On Univariate Convex Regression

TL;DR

This paper analyzes the local convergence rates and limiting distributions of the univariate convex regression least squares estimator, especially at points where derivatives vanish or the function is affine, and proposes an estimator for the argmin.

Contribution

It provides new theoretical results on the convergence rates, limiting distributions, and boundary behavior of the convex LSE, including an estimator for the argmin.

Findings

Derived the local convergence rates of the convex LSE.

Established the limiting distribution depending on derivatives of the invelope function.

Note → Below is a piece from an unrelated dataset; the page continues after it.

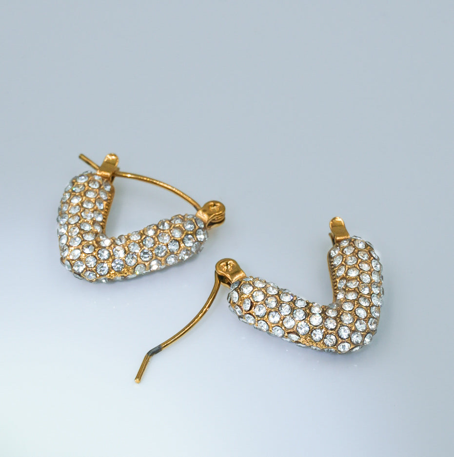 Indulge in the timeless elegance of these stunning gold tone earrings, beautifully adorned with sparkling CZ stones. Crafted from durable stainless steel and finished with luxurious 18Kt gold plating, these earrings offer both style and longevity. Their versatile design makes them perfect for any occasion, whether you're dressing up for a night out or adding a touch of glamour to your everyday look. Treat yourself or surprise a loved one with this exquisite accessory that effortlessly enhances any outfit.

Demonstrated the inconsistency and boundary issues of the LSE.

Abstract

We find the local rate of convergence of the least squares estimator (LSE) of a one dimensional convex regression function when (a) a certain number of derivatives vanish at the point of interest, and (b) the true regression function is locally affine. In each case we derive the limiting distribution of the LSE and its derivative. The pointwise limiting distributions depend on the second and third derivatives at 0 of the "invelope function" of the integral of a two-sided Brownian motion with polynomial drifts. We also investigate the inconsistency of the LSE and the unboundedness of its derivative at the boundary of the domain of the covariate space. An estimator of the argmin of the convex regression function is proposed and its asymptotic distribution is derived. Further, we present some new results on the characterization of the convex LSE that may be of independent interest.